▸ **Dataset extract**
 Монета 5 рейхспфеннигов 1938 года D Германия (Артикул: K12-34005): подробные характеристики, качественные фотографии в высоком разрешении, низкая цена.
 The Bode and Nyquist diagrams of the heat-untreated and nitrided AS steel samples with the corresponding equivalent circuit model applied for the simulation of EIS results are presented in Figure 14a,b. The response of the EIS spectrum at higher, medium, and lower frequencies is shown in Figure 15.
---
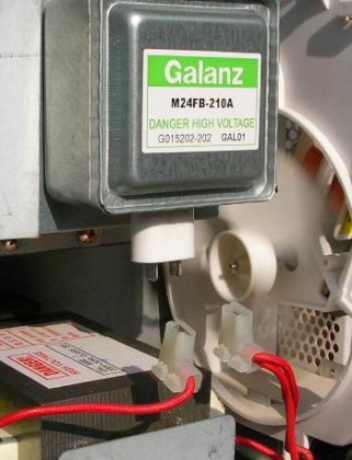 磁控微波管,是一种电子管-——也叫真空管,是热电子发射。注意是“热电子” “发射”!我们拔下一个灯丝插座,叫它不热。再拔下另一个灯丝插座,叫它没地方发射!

▸ **Task prompt**
Please copy, exactly as written, every line in the listing above from the line with "Монета 5 рейхспфеннигов" up to and including the line with "The Bode and".

▸ **Solution for this exercise**
 Монета 5 рейхспфеннигов 1938 года D Германия (Артикул: K12-34005): подробные характеристики, качественные фотографии в высоком разрешении, низкая цена.
 The Bode and Nyquist diagrams of the heat-untreated and nitrided AS steel samples with the corresponding equivalent circuit model applied for the simulation of EIS results are presented in Figure 14a,b. The response of the EIS spectrum at higher, medium, and lower frequencies is shown in Figure 15.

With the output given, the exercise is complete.